Par ailleurs, ces réunions de coordination favorisent la planification conjointe des activités de prévention, de sensibilisation et de prise en charge, tout en contribuant au renforcement des capacités des acteurs à travers le partage d’expériences et de bonnes pratiques. Elles offrent également une opportunité de suivi des engagements pris par les différentes parties prenantes et de renforcer le plaidoyer en faveur d’une meilleure protection des survivantes.

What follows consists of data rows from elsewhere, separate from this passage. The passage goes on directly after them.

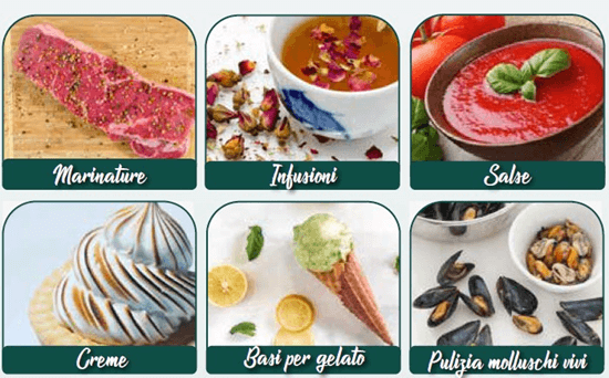 - Ciclo speciale DEG: tramite desaerazione ad impulsi manuali è possibile realizzare preparazioni come marinature, infusioni, salse, creme, basi per gelato e pulizia molluschi vivi.
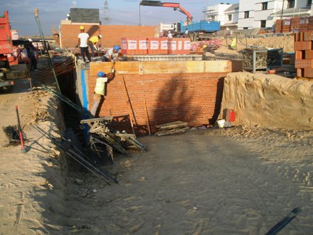 AGOSTO - 2011 VISITA DE OBRA (Fase-5) - 4 VIVIENDAS UNIFAMILIARES EN ARROYOMOLINOS URBANIZACION LA RINCONADA (24-agosto-2011 ) Se ha terminado la cimentación de los primeros adosados y comenzado con los muros de sótano perimetrales.
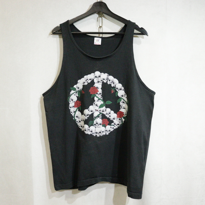 > q996 90sビンテージ フルーツオブザルーム タンクトップ USA製■1990年代製 表記Lサイズ ブラック 黒 スカル ピースマーク アメカジ 古着

Objectif: Renforcer la coordination et la collaboration entre les différents acteurs impliqués dans la prévention et la prise en charge des Violences Basées sur le Genre (VBG) afin d’améliorer la qualité, l’efficacité et la complémentarité des interventions en faveur des survivantes dans la région de Boké, en Guinée.
Pour la directrice de Cabinet du Gouvernorat de Boké, Hadja Gnalen Condé: << Les VBG constituent un obstacle majeur pour le développement des communautés. C’est pourquoi, nous nous réjouissons de la tenue de cette réunion qui vient à point nommé car, elle permettra aux acteurs d’harmoniser les interventions pour soutenir les victimes des VBG conformément à la vision éclairée du Président de la République, M. Mamadi Doumbouya, père de la refondation de l’Etat guinéen.>>
A noter que Expertise France qui a financé le projet, est une Agence publique française de coopération technique internationale, intervenant dans les domaines de la gouvernance, de la santé, du climat, de l’éducation et du développement économique. Elle travaille sans relâche pour renforcer les capacités des institutions publiques, des entreprises et de la société civile dans les pays en développement.